I am writing this for everyone who followed me on my journey.
I feel great. I am not a person who has never had MS, but I am working on ridding myself of feeling that way. I live in Florida. I love it here. My family and I go the beach every weekend! This is more than I ever thought I would get to be able to do! I walk unassisted on the beach. I spend hours sitting outside and swimming and riding bikes!
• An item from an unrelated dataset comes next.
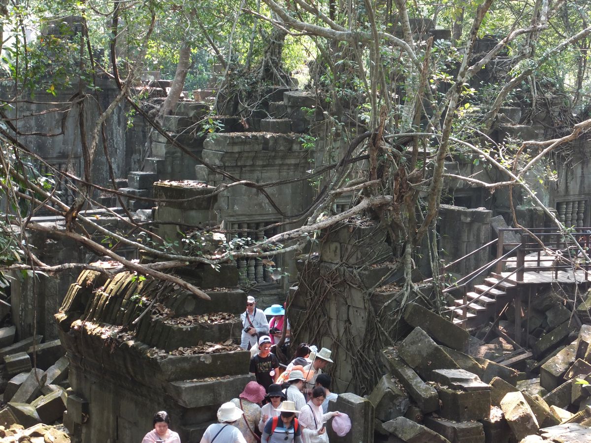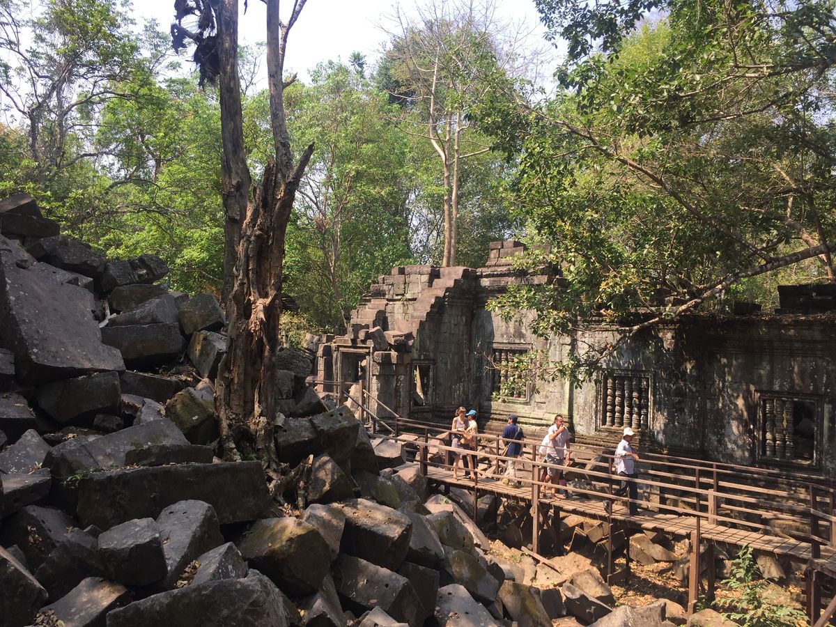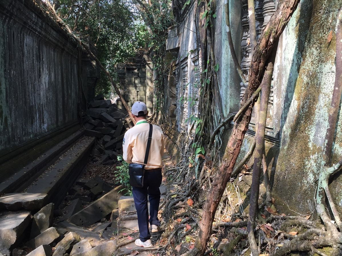 ベンメリアではガイドさんが混雑していた正規の入り口を避けて、ガレキを越えていくマニアックなコース(?)を案内してくれました。ハードな道程ながらも観光客の少ないルートを進み、手付かずの遺跡の雰囲気を堪能できました。

Mitchell is in pre-K this year and for the first time in about 9 years I have 3 hours of alone time! I do stuff around the house. I do a lot of reading. For those of you who recommended Hunger Games. Thank you. I’m on the third one and I loved them. I go shopping. I’m still a little apprehensive about going into the smaller, delicate stores. But you know what? Every time I take the chance, I can do it! If you don’t know, I can’t explain it, but damn if you do… Well, anyway my legs still hurt but I think it’s because they are sore from over usage. Lol. The point is, it worked. I am not taking shots everyday. I not sitting at my house getting worse. I am at least trying new things. If you are apprehensive about trying this procedure don’t be. Yeah a lot of the stuff sucked real bad and a lot of it was pretty painful and I lost ALL my hair but I would not be here this way!! And you know what? I really like it here. People tell me I’m so brave to have done this, but for my children how could I not?
I went to Birmingham, AL a couple weeks ago to have an MRI at Alabama Neurology Associates with Dr. Emily Riser, she reviewed the scans and called to tell me there were NO LESIONS! My husband and I plan on going back to Chicago to see Dr. Burt for a check up maybe in January for our ten year wedding anniversary?